= Beginning of Section =
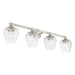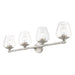 This four light vanity sconce from the willow collection has understated elegance. It features minimal details, clear curved glass with a brushed nickel finish and can fit into any decor.
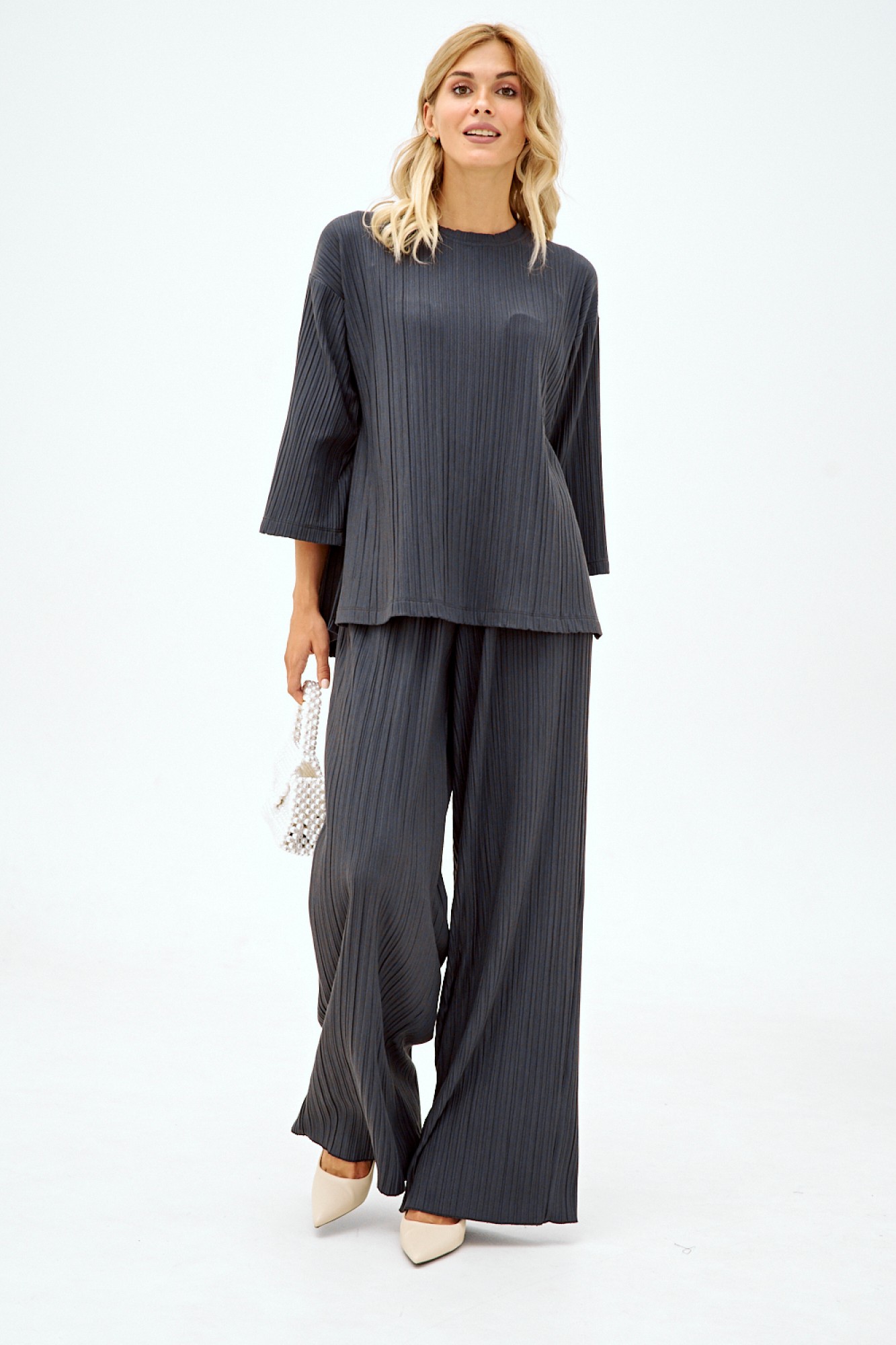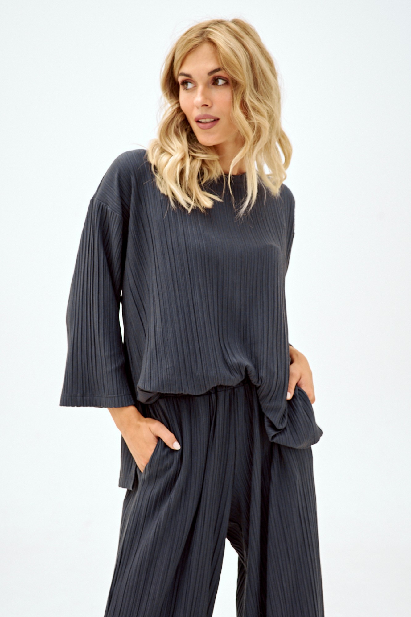Костюм из трикотажного гофре двухпредметный: состоит из блузы и брюк. Блуза свободного кроя Рукав втачной три четверти, планка по горловине. Вырез круглый. Элегантные брюки из плиссированного трикотажа свободного кроя, верхний срез собран на резинку. От бёдер максимально расклешенные, создают имитацию юбки.
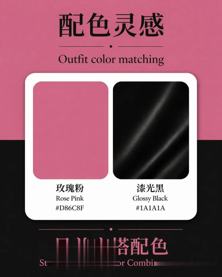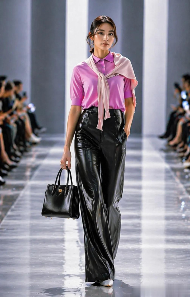 ② 玫瑰粉Polo衫 × 漆光黑高腰裤
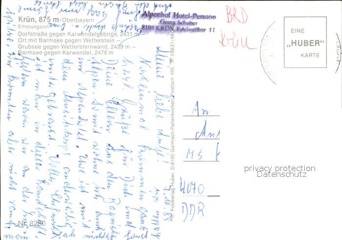 alte Postkarte Kruen Dorfstrasse Karwendelgebirge Barmsee postalisch gelaufen Erhaltung siehe scans
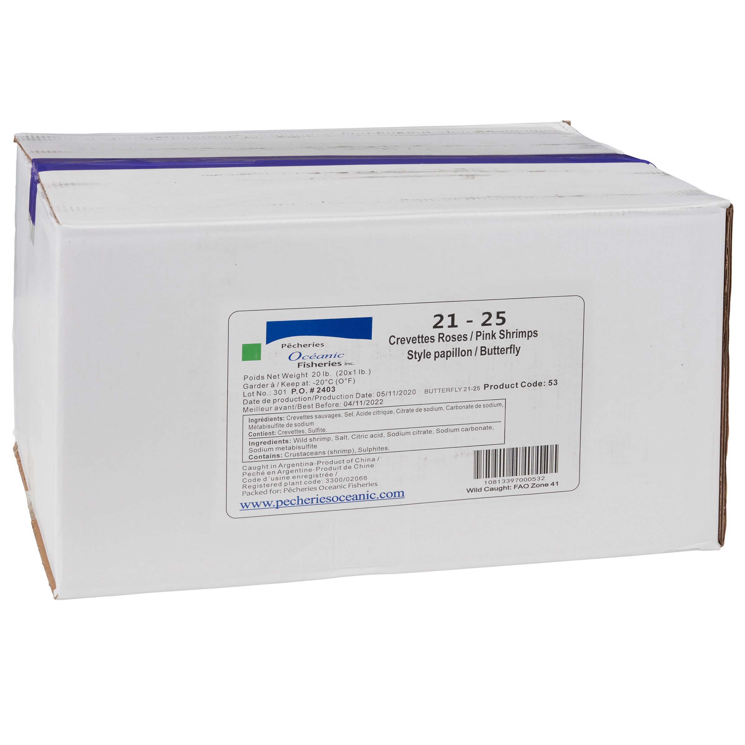 • Allergens : Shrimp (crustaceans), sulphites
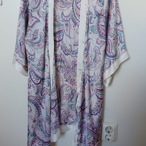 Vain käyttöönottopesty Lindexin aamutakki/kimono. Pääväri on kaunis vaalea persikka/aprikoosi.
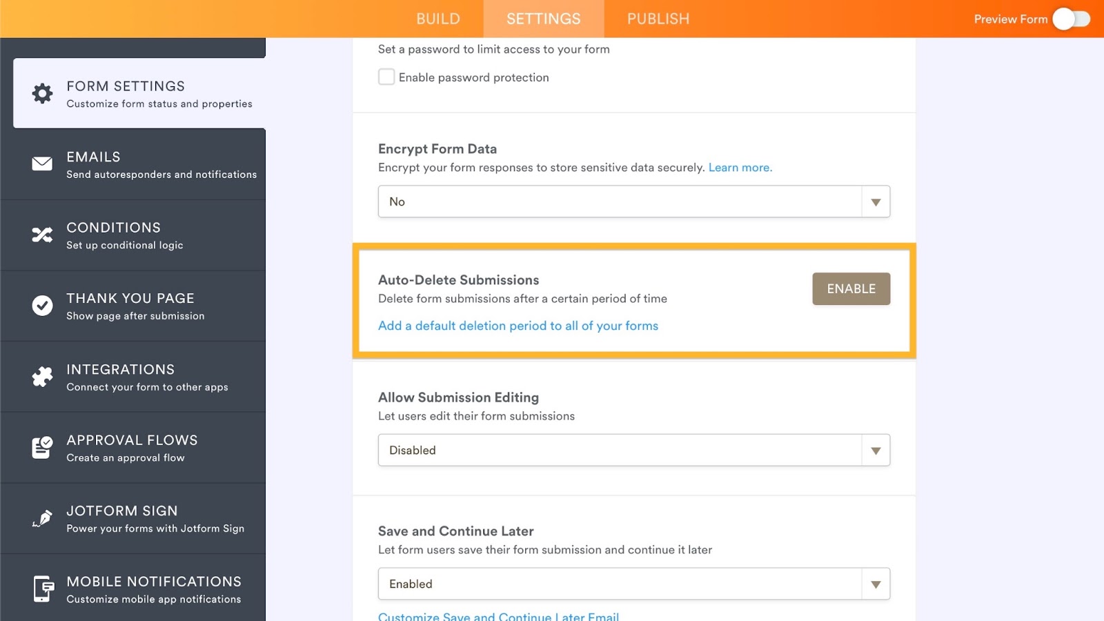 You can automatically delete submissions when you transfer submission data elsewhere. This is great if you have sensitive data you want to keep on only one platform or you want to make space. You can also schedule deletion periods for even more convenience. Check out our help guide for more info.
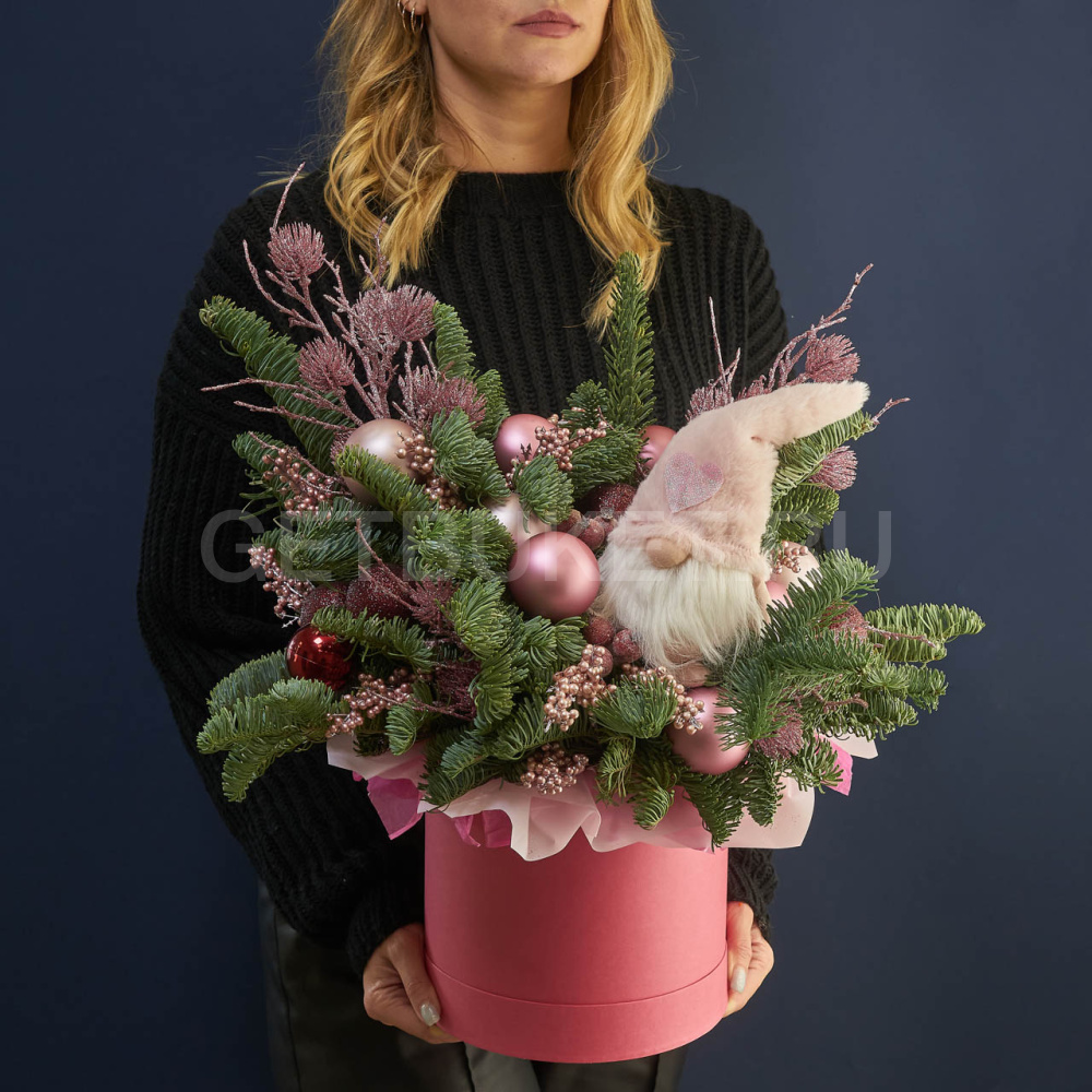 Новогодняя композиция в шляпной коробке из нобилиса с гномом
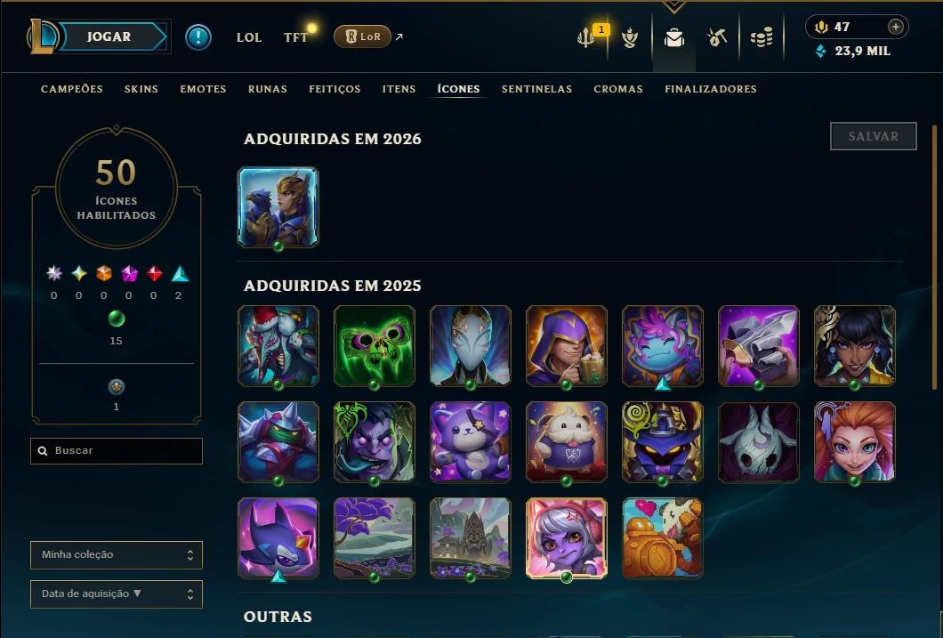 ( MONO ADC ) - Conta Esmeralda 3 com 55 Champs e 4 Skins, 23k de EA, 50 Ícones, 12 Emotes, 9 Fragmentos de skins, 1 de Campeão, 1 Reembolso e Honra 4.
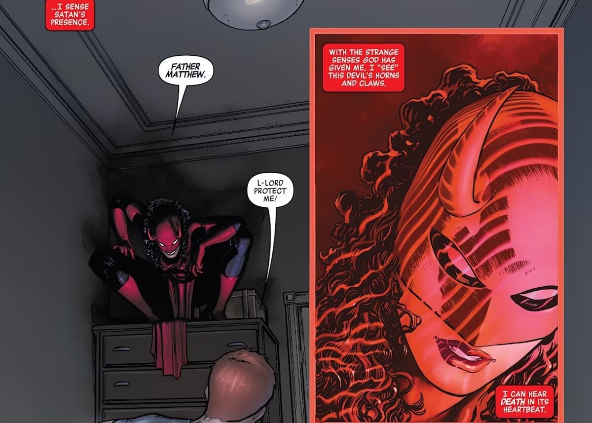 «Я чувствую присутствие Сатаны», — объясняет читателям внутренний голос Мэтта. «С помощью странных чувств, которыми наделил меня Бог, я вижу рога и когти этого дьявола. Я слышу смерть в биении его сердца». Сразу становится ясно, что способность — нечто большее, чем просто воспоминание об Электре и осознание того, что что-то не так.
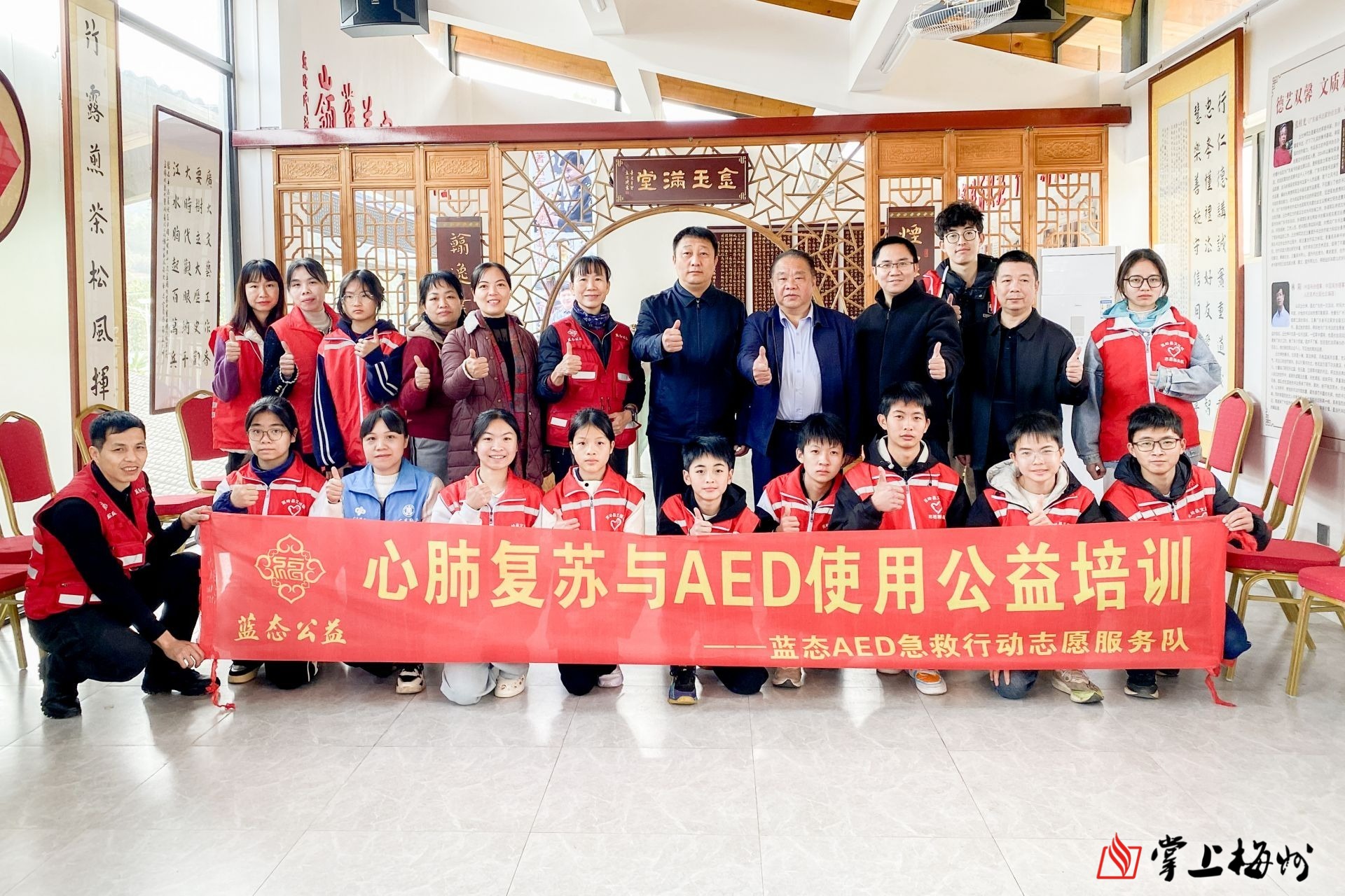 今年3月8日是第115个“三八”国际妇女节。为提升基层应急救护能力,守护群众生命安全,广东蓝态幸福文化公益基金会当天为梅州市蕉岭县文福镇仓海诗廊游客中心举行自动体外除颤器(AED)捐赠仪式,并组织30多名妇女和镇村应急相关人员、小志愿者们现场进行了心肺复苏与AED使用公益培训。
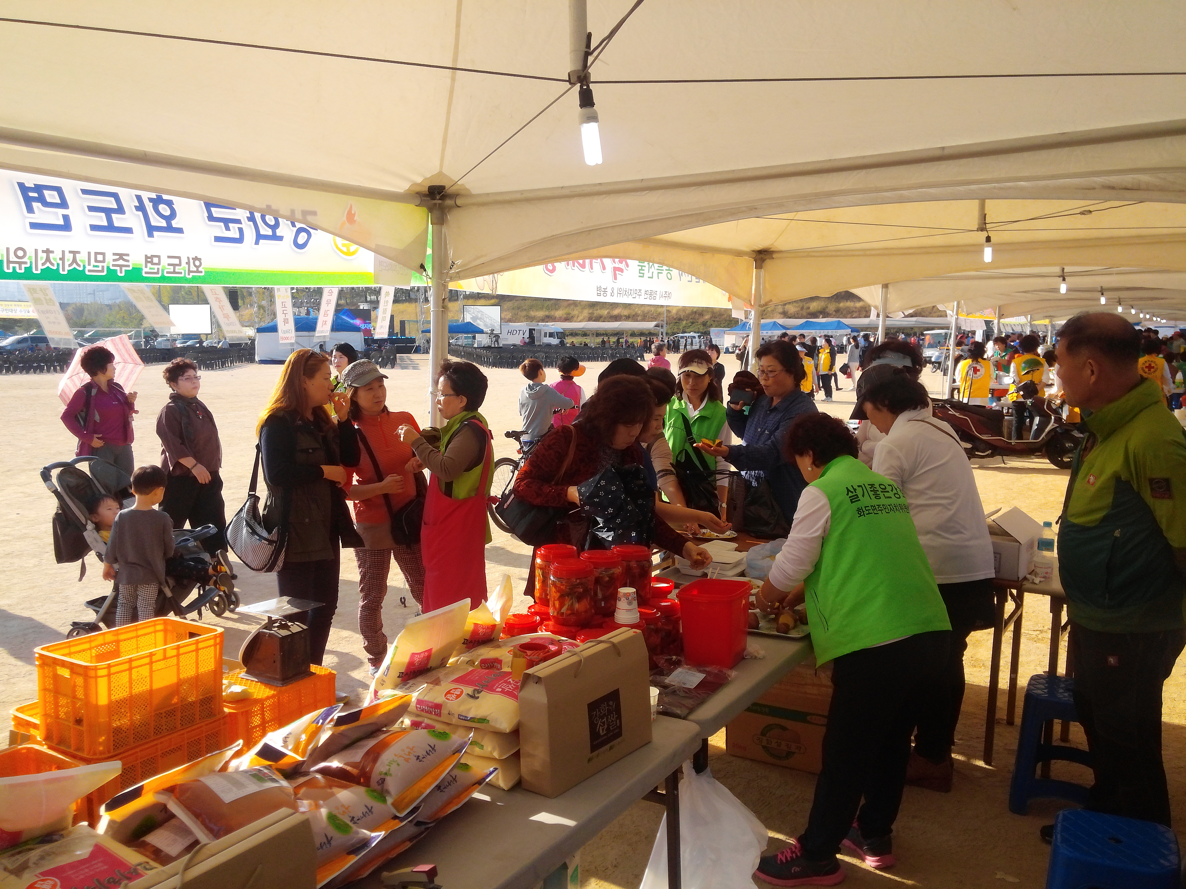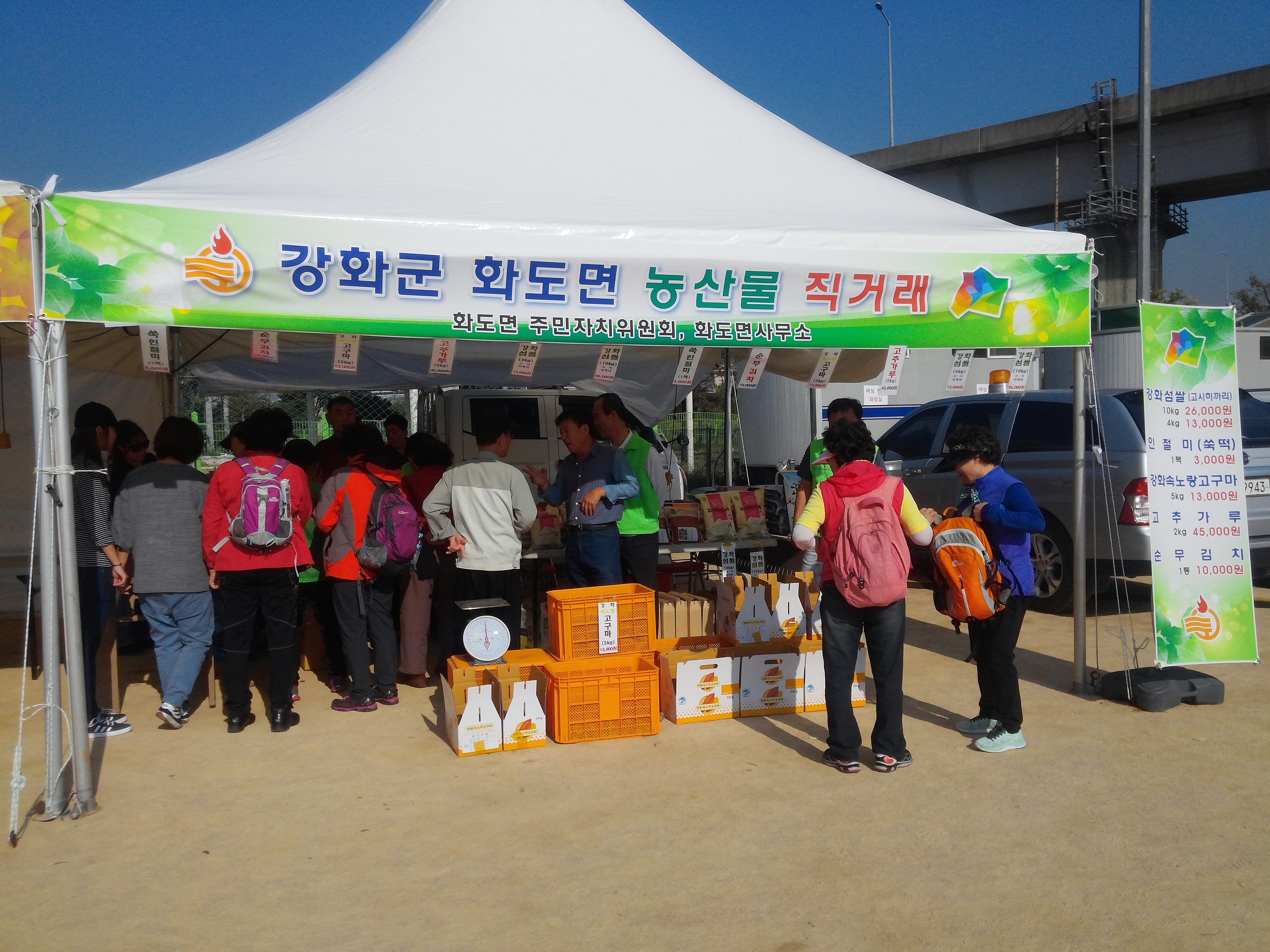이날 행사는 이기연 화도면장을 비롯하여 김순미 화도면 주민자치위원장 등 8명이 화도면에서 생산된 속노랑고구마 150kg과 강화 섬쌀, 약쑥인절미, 고춧가루 등 300여만원어치의 우수한 강화군의 농산물을 시중보다 저렴하게 판매하여 성동구 지역주민들의 큰 호응을 얻었습니다.
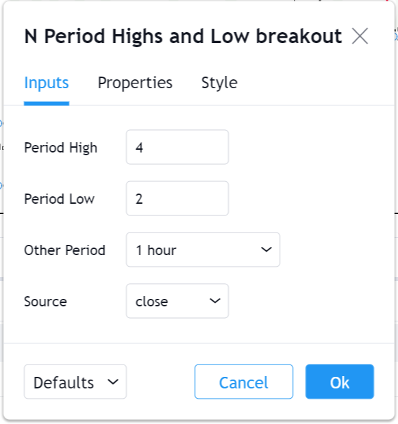 - You can also backtest this strategy for any N period high low break. Usually, you will find traders using Day/Week high and low breaks. But, I've made this strategy generic to even test a 1/2/3/4 hour high/low breakout. 2/n
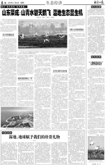山东荣成:山青水碧天鹅飞 湿地生态显生机
= End of Section =
ASSIGNMENT: Transcribe, exactly and without pictures, everything in the data from the line with "Новогодняя композиция в" down to the line with "( MONO ADC )", both included.

TASK OUTPUT:
 Новогодняя композиция в шляпной коробке из нобилиса с гномом
 ( MONO ADC ) - Conta Esmeralda 3 com 55 Champs e 4 Skins, 23k de EA, 50 Ícones, 12 Emotes, 9 Fragmentos de skins, 1 de Campeão, 1 Reembolso e Honra 4.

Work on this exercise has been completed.